A inseparabilidade faz com que seja impossível separar o desempenho de quem presta o serviço, do próprio serviço em si, ou seja, os recursos humanos que estão no contacto direto com quem consome fazem parte do próprio serviço, tendo um grande peso na qualidade do mesmo. Por outro lado, o próprio consumidor também faz parte do serviço nos momentos em que há uma interação. Por exemplo, nos eventos, esta integração só se realiza no decorrer do próprio evento, embora, para que este aconteça, seja necessário uma série de ações antes (montagens) e depois (desmontagens) do evento. Salientamos ainda o facto de outros participantes também fazerem parte do próprio serviço, o que, no caso dos eventos, tem um forte impacto, por exemplo, no ambiente que é criado, entre muitos outros aspetos. No âmbito da presente investigação, este é um aspeto relevante, já que as relações que se estabelecem e as escolhas quanto ao género de quem trabalha na produção dos eventos podem ser muito influenciadas pelo público que irá interagir no contexto do evento.
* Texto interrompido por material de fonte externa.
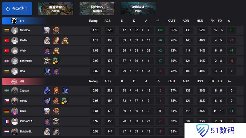 回到比赛,图一幽邃地窟,TH 4:13 M8,图二裂变峡谷,TH上半场直接一波11:1拿到胜势,比分最终锁定在TH 13:3 M8,图三深海明珠,TH 13:8 M8。MiniBoo选手拿到了全场最高的42总击杀。

Assim, para que a perceção da qualidade do serviço prestado não seja comprometida é fundamental que haja um investimento nas pessoas que estarão em contacto com quem irá consumir o serviço, tanto em termos técnicos como nas soft skills de relação interpessoal. No âmbito dos eventos, este é um aspeto relevante sobretudo tendo em conta que muitos dos recursos humanos de produção usualmente não fazem parte da empresa que está a prestar o serviço, isto é, são contratados pontualmente e em outsourcing, como analisaremos no ponto III. 4. A heterogeneidade implica a impossibilidade de prestar um serviço exatamente igual a todas as pessoas (Getz, 2016), decorrente também da característica da inseparabilidade. Para além de vista como uma característica que pode trazer uma vantagem competitiva, no sentido em que a personalização pode responder às necessidades específicas dos consumidores, é também um desafio, sobretudo no contexto dos eventos em que os recursos humanos que contactam com os consumidores são contratados em outsourcing. Neste sentido, a formação, o planeamento e procedimentos de normalização de algumas tarefas são importantes para que o serviço seja o mais similar possível para todas as pessoas que o vão consumir, sendo a solução para os desafios que esta característica pode trazer (Berridge, 2007).

A perecibilidade decorre do facto de os serviços não poderem ser armazenados, ou seja, no caso dos eventos, se não for consumida a totalidade da capacidade de um evento, não é

47 possível guardar os lugares não vendidos para outro dia ou horário (Berridge, 2007). No entanto, os custos associados à capacidade máxima têm de ser suportados por quem organiza o evento. Uma forma de enfrentar este desafio é diferenciar os preços ou oferecer serviços mais atrativos para períodos de menor procura, contratar serviços específicos em outsourcing, bem como planear detalhadamente para vários cenários, de forma a enfrentar mais rapidamente os desafios que se colocarão no terreno.